Provided material:
=== Section Start ===
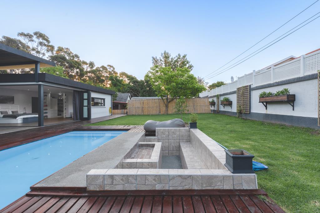 The heart of the home features three spacious en-suite bedrooms and a seamless open-plan layout that flows effortlessly from the living and dining areas into a sleek, modern kitchen. High-end stacking doors open to a covered patio, manicured garden, sparkling pool, and a cozy fire pitideal for relaxed evenings or vibrant entertaining.
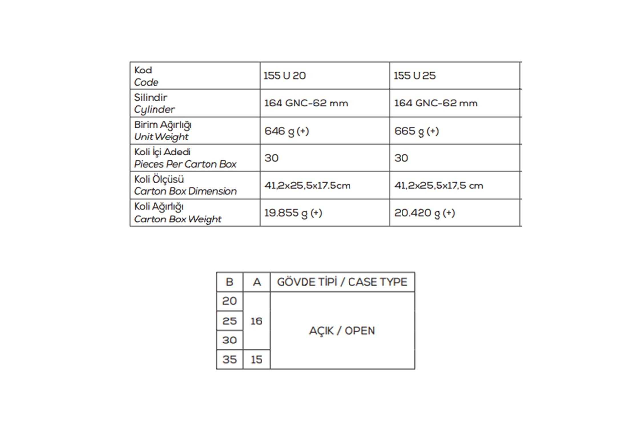 Gövde çelik ve galvaniz kaplamalıdır.
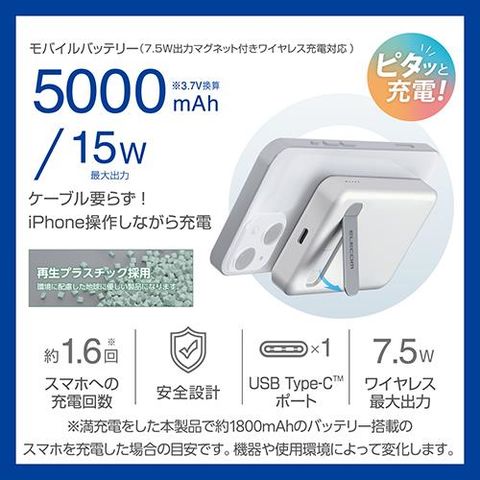 エレコム(ELECOM) DE-C53-5000WH ホワイト ワイヤレスモバイルバッテリー 5000mAh スタンド付き
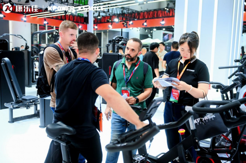 展会期间,参观者络绎不绝,并驻足切身体验,深入了解康乐佳产品性能。现场工作人员们热情洋溢,通过示范讲解,向参观者详细介绍产品特点和优势,让每一位来访者都能深刻感受到康乐佳现代智慧健身的精工匠心。康乐佳的展位(5A003)不仅吸引了大量客商的关注,更赢得了广泛赞誉。
=== Section End ===
Task to complete: The complete listing must be transcribed verbatim, and all pictures are to be omitted.

Final answer:
 The heart of the home features three spacious en-suite bedrooms and a seamless open-plan layout that flows effortlessly from the living and dining areas into a sleek, modern kitchen. High-end stacking doors open to a covered patio, manicured garden, sparkling pool, and a cozy fire pitideal for relaxed evenings or vibrant entertaining.
 Gövde çelik ve galvaniz kaplamalıdır.
 エレコム(ELECOM) DE-C53-5000WH ホワイト ワイヤレスモバイルバッテリー 5000mAh スタンド付き
 展会期间,参观者络绎不绝,并驻足切身体验,深入了解康乐佳产品性能。现场工作人员们热情洋溢,通过示范讲解,向参观者详细介绍产品特点和优势,让每一位来访者都能深刻感受到康乐佳现代智慧健身的精工匠心。康乐佳的展位(5A003)不仅吸引了大量客商的关注,更赢得了广泛赞誉。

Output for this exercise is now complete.